"The stupidity of being oneself. The unavoidable comedy of being anyone at all."
I read Philip Roth's The Dying Animal a few days ago. I hated it. I think it's fair to say that. I hated it, but I read it anyway. I found a copy of it on the shelf near the bathroom, the one tucked in the alcove at the top of the stairs, while I was excavating the thick stacks of books, searching for more Paul Auster (on the same shelf I uncovered two copies of Man in the Dark and a hardback copy of Travels in the Scriptorium, so not a fruitless endeavor). Anyway, The Dying Animal. An uncorrected bound proof. It was strange to find it in this state - it was published in 2001, why did we have this uncorrected proof, with its flimsy yellow construction-paper cover? I had never read any Philip Roth before. I know I keep saying that - I had never read any Paul Auster before, I had never read any this before, any that before - and if it highlights the enormous gaps in my literary education, let it also indicate a curiosity, a willingness to admit these gaps and then fill them. But I had never read any Philip Roth before and I thought, from the back cover description, that maybe I would like this one.

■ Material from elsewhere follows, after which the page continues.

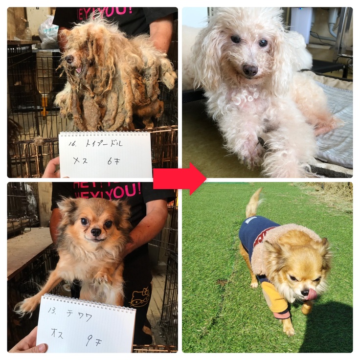 ポエは右後ろ足が動きませんでしたが、16歳(推定)で旅立つまで元気に力強く生き抜いてくれました。リーベは皮膚の状態がとても悪かったのですがいまではすっかり回復。里親さんの元で幸せに過ごしています。

I hated it - well, if not immediately, then almost immediately. The pleasure of the opening pages - promising! - was diminished by what came after, diminished by my irrational reaction to the white-haired professor's young lover and her "cream-colored silk blouse". Why should a cream-colored blouse matter so much to me? The repetition, I guess. Pages and pages of her big breasts and her bowlike lips and her startling self-awareness. None of it ultimately incidental, but all of it seemingly gratuitous. Why do I hate her cream-colored silk blouse? But no matter why: I do, and even so I read the book, the whole book, though I'd be lying if I said I hadn't simply skimmed the last few pages, coming to the last lines breathlessly and excitedly. At some point during my reading I remembered that Roth had once been shortlisted for some sort of bad sex award.
But it's this book, not its author, that I object to. And this line - extracted, as it happens, from its sexually explicit setting: "The stupidity of being oneself. The unavoidable comedy of being anyone at all." This I like.